### PROBLEM TO SOLVE:
The required output is every line from the one containing "- 10:00 – 12:00" through the last line of the listing below, copied exactly, pictures excluded.

### GIVEN DATA:
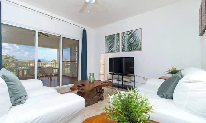 Modern 2BR condo in Sosúa Ocean Village one of the most secure, family-friendly beachfront communities on the North Coast. Features king beds, smart TVs, full A/C, fast Wi-Fi, and a large terrace. Just steps from pools, water park, gym, spa, and restaurants (fees may apply). 5 mins to Sosúa, 10 mins to Cabarete. Includes parking, 3x/week cleaning, full kitchen, linens & more. Perfect for family getaways or relaxing retreats
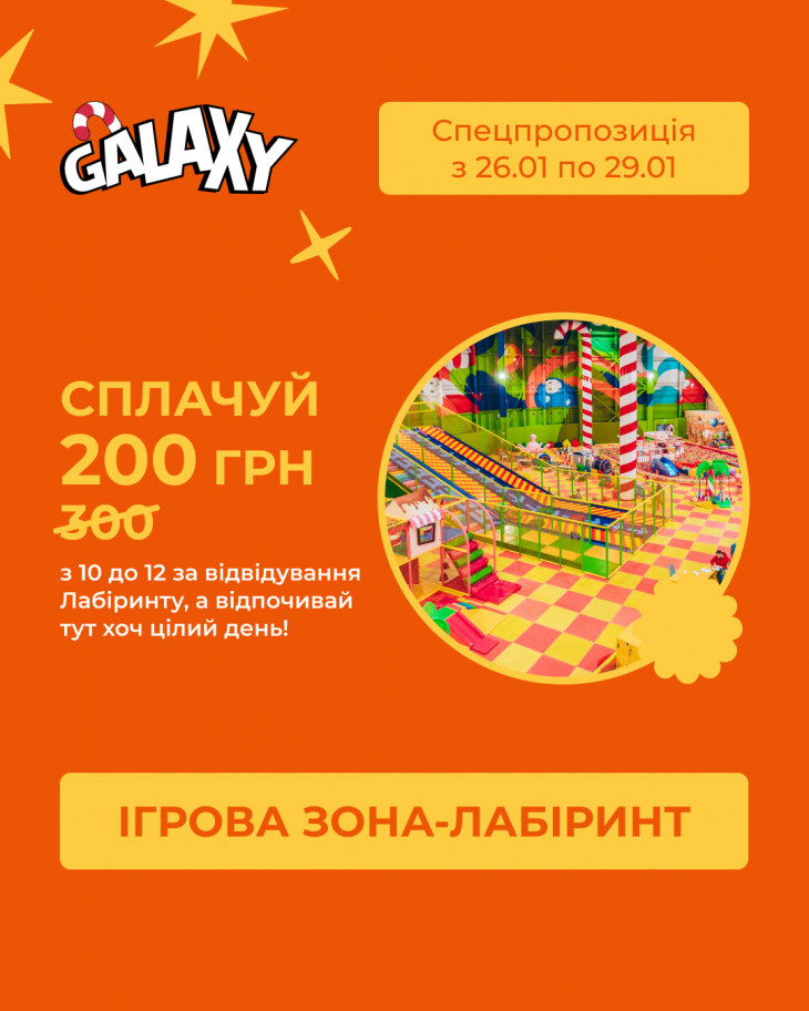 - 10:00 – 12:00 оплачивай посещение игровой зоны «Лабиринт» 200 грн. (вместо 300 грн.) и развлекайся здесь целый день
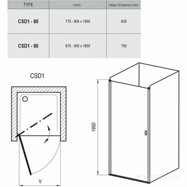 Душевые двери Ravak Chrome CSD1-90 белый интересное:

### FINAL ANSWER:
 - 10:00 – 12:00 оплачивай посещение игровой зоны «Лабиринт» 200 грн. (вместо 300 грн.) и развлекайся здесь целый день
 Душевые двери Ravak Chrome CSD1-90 белый интересное:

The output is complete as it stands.